Bucaria Michelle 4
4 · Jamf Holding Corp. · Filed Feb 3, 2026
Research Summary
AI-generated summary of this filing
Jamf (JAMF) CPO Michelle Bucaria Sells 257,473 Shares
What Happened
Michelle Bucaria, Jamf’s Chief Product Officer, reported a disposition of 257,473 shares on 2026-01-30 as part of the company's merger. Each share was converted into $13.05 in cash, resulting in proceeds of $3,360,023. The transaction is coded as a disposition to the issuer (merger cash-out), not an open-market sale.
Key Details
- Transaction date: 2026-01-30; Form 4 filed 2026-02-03 (appears outside the standard 2-business-day Form 4 reporting window).
- Price per share: $13.05; Total value: $3,360,023.
- Shares reported disposed: 257,473 (this total includes 230,225 unvested restricted stock units (Company RSUs)).
- The RSUs were cancelled and converted into Converted Cash Awards (cash right equal to Per Share Price × RSU shares). Converted Cash Awards will vest and be payable when the original RSUs would have vested, subject to Bucaria’s continued service and applicable tax withholding.
- Filing does not specify remaining common-stock ownership after the conversion; the reported shares were cancelled and converted into cash at the merger effective time.
Context
This was a merger-related disposition: outstanding Jamf common shares (including some unvested RSUs) were automatically converted into a cash payment of $13.05 per share at the merger’s effective time. Such corporate-merger conversions are routine corporate actions and differ from voluntary insider open-market sales.
Insider Transaction Report
- Disposition to Issuer
Common Stock
[F1][F2]2026-01-30$13.05/sh−257,473$3,360,023→ 0 total
Footnotes (2)
- [F1]Pursuant to the Agreement and Plan of Merger, dated as of October 28, 2025 (the "Merger Agreement"), by and among the Issuer, Jawbreaker Parent, Inc. ("Parent") and Jawbreaker Merger Sub, Inc. ("Merger Sub"), Merger Sub merged with and into the Issuer (the "Merger"), with the Issuer surviving as a wholly owned subsidiary of Parent. At the effective time of the Merger (the "Effective Time"), each issued and outstanding share of the Issuer's common stock, par value $0.001 per share ("Common Stock"), owned by the reporting person immediately prior to the Effective Time was automatically cancelled, extinguished and converted into the right to receive $13.05 per share in cash, without interest thereon (the "Per Share Price").
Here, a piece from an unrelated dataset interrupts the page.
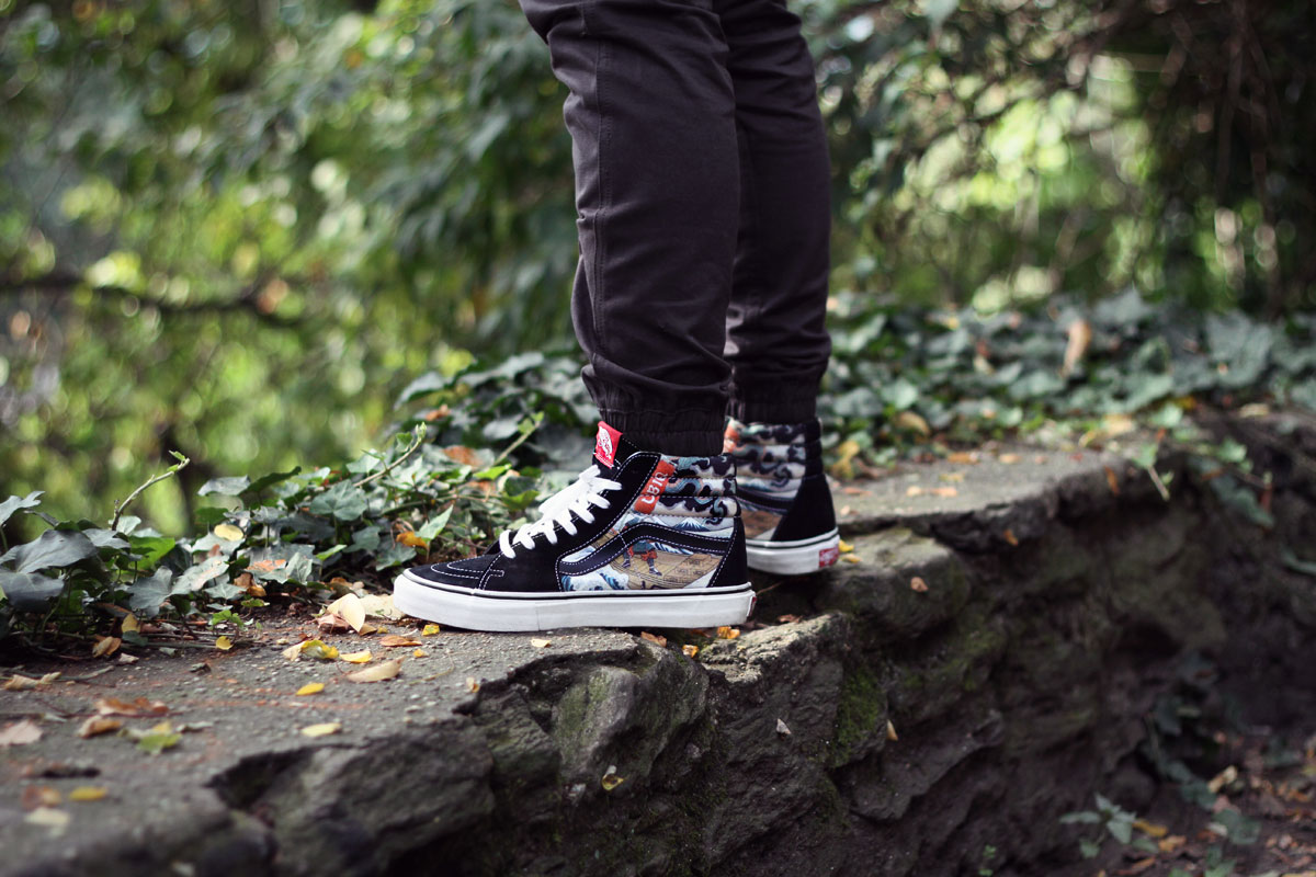 由於浮世繪的圖案與及用色非常注目,所以如果在比較和暖的天氣之下,穿上浮世繪T-shirt再配搭素色的褲子及鞋子已經可以出門。但如果秋冬的天氣下,以浮世繪T-shirt打底,在室內時將外套脫下,依然是全場焦點。
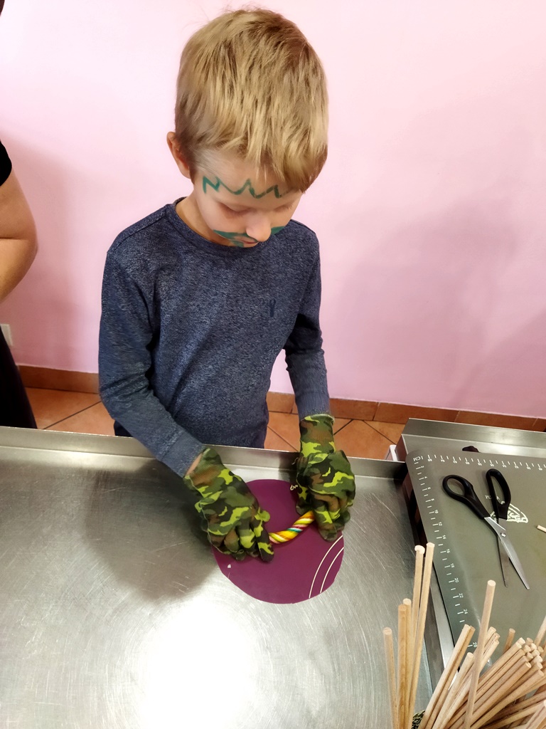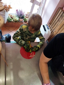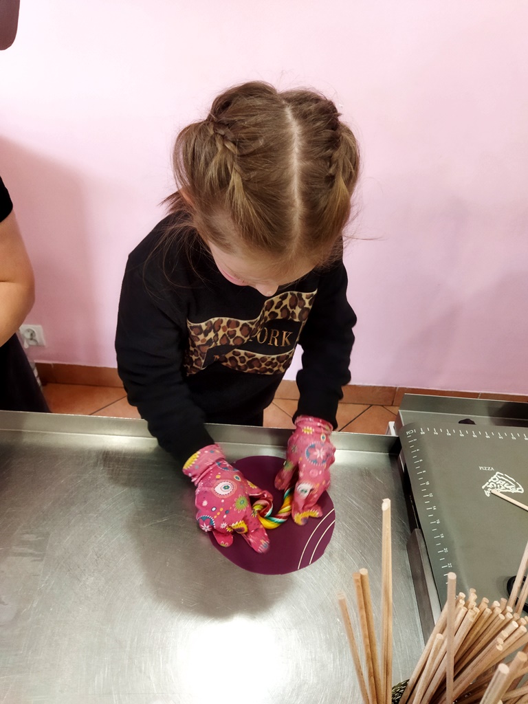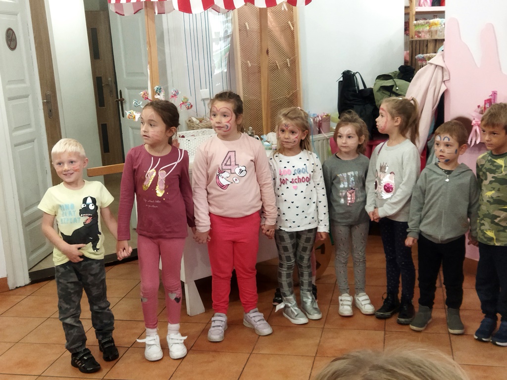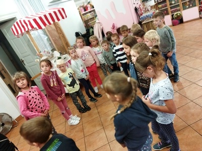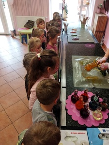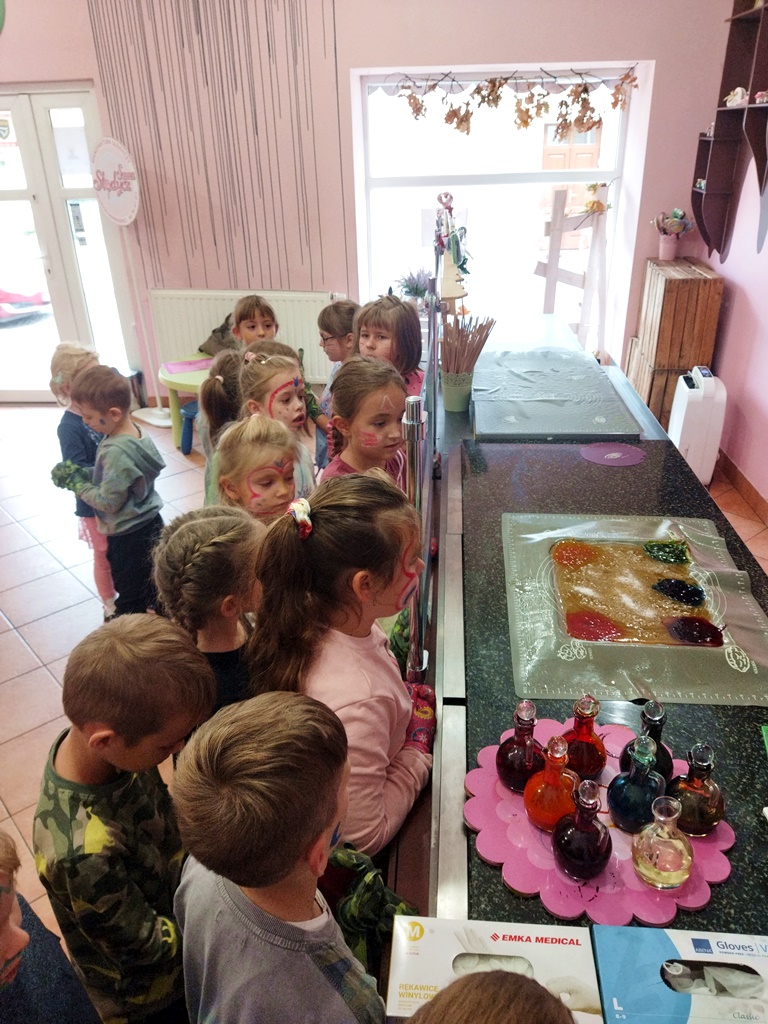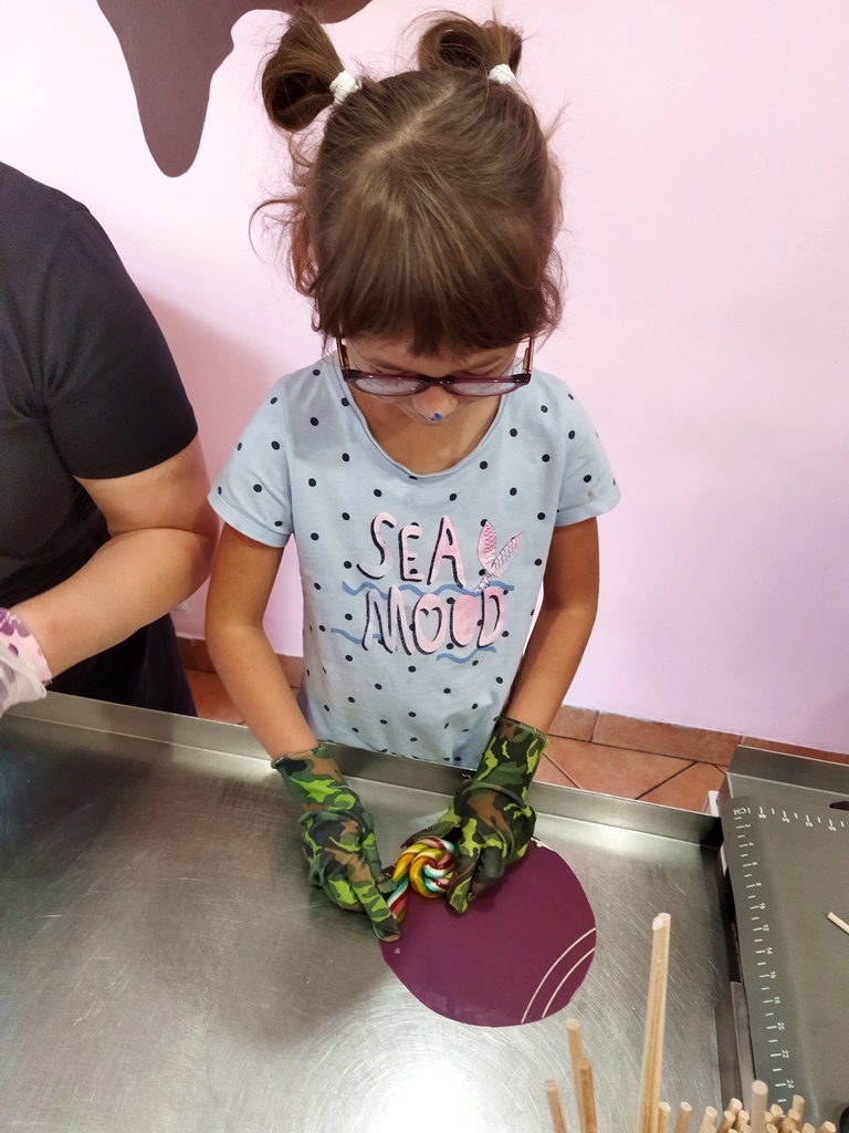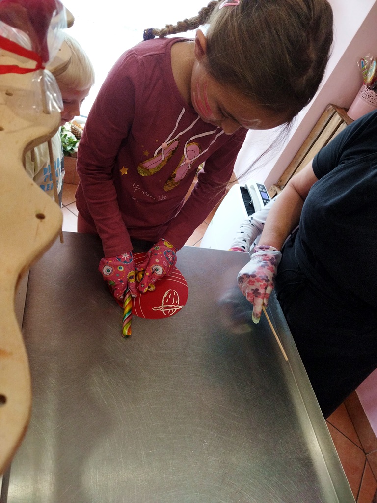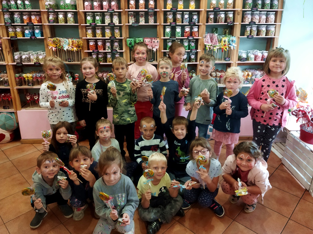 Aby osłodzić ostatnie dni lata i świętować Ogólnopolski Dzień Przedszkolaka dzieci z najstarszej grupy wybrały się do Manufaktury słodyczy „Sama słodycz ”. Mogły tam uczestniczyć w pokazie ręcznego tworzenia małych, kolorowych i słodkich arcydzieł. Przedszkolaki miały okazję zobaczyć niezwykły proces produkcji słodkości od momentu wylania cukru na stół po stworzenie pięknych lizaków i cukierków. Starszaki obserwowały prawdziwe czary, a co najważniejsze przekonały się, że same potrafią czarować. Po wypowiedzeniu zaklęcia: „czary mary, niech się cukier stanie biały” okazało się, że żółta masa stała się białą. Do masy cukrowej były dodawane różne kolory, między innymi czerwony sok z buraków, pomarańczowy sok z marchewki oraz żółty barwnik którym była kurkuma. Każde dziecko wykonało także własnego lizaka. Przedszkolaki otrzymały słodkie prezenty, które zabrały do swoich domów. Celem wycieczki było wzbogacanie przeżyć dzieci, rozwijanie ich zainteresowań i zaspokajanie dziecięcej ciekawości.

- [F2]The shares of Common Stock reported as disposed by the reporting person include 230,225 unvested restricted stock units ("Company RSUs") which, pursuant to the Merger Agreement, were, at or immediately prior to the Effective Time, cancelled and converted into the right to receive an amount in cash (without interest and subject to applicable withholding taxes) equal to the product of (i) the Per Share Price and (ii) the total number of shares of Common Stock subject to such Company RSUs as of immediately prior to the Effective Time (the "Converted Cash Awards"). The Converted Cash Awards will, subject to the reporting person's continued service through the applicable vesting dates, vest and be payable at the time when the Company RSUs for which the Converted Cash Awards were exchanged would have vested pursuant to the terms thereof.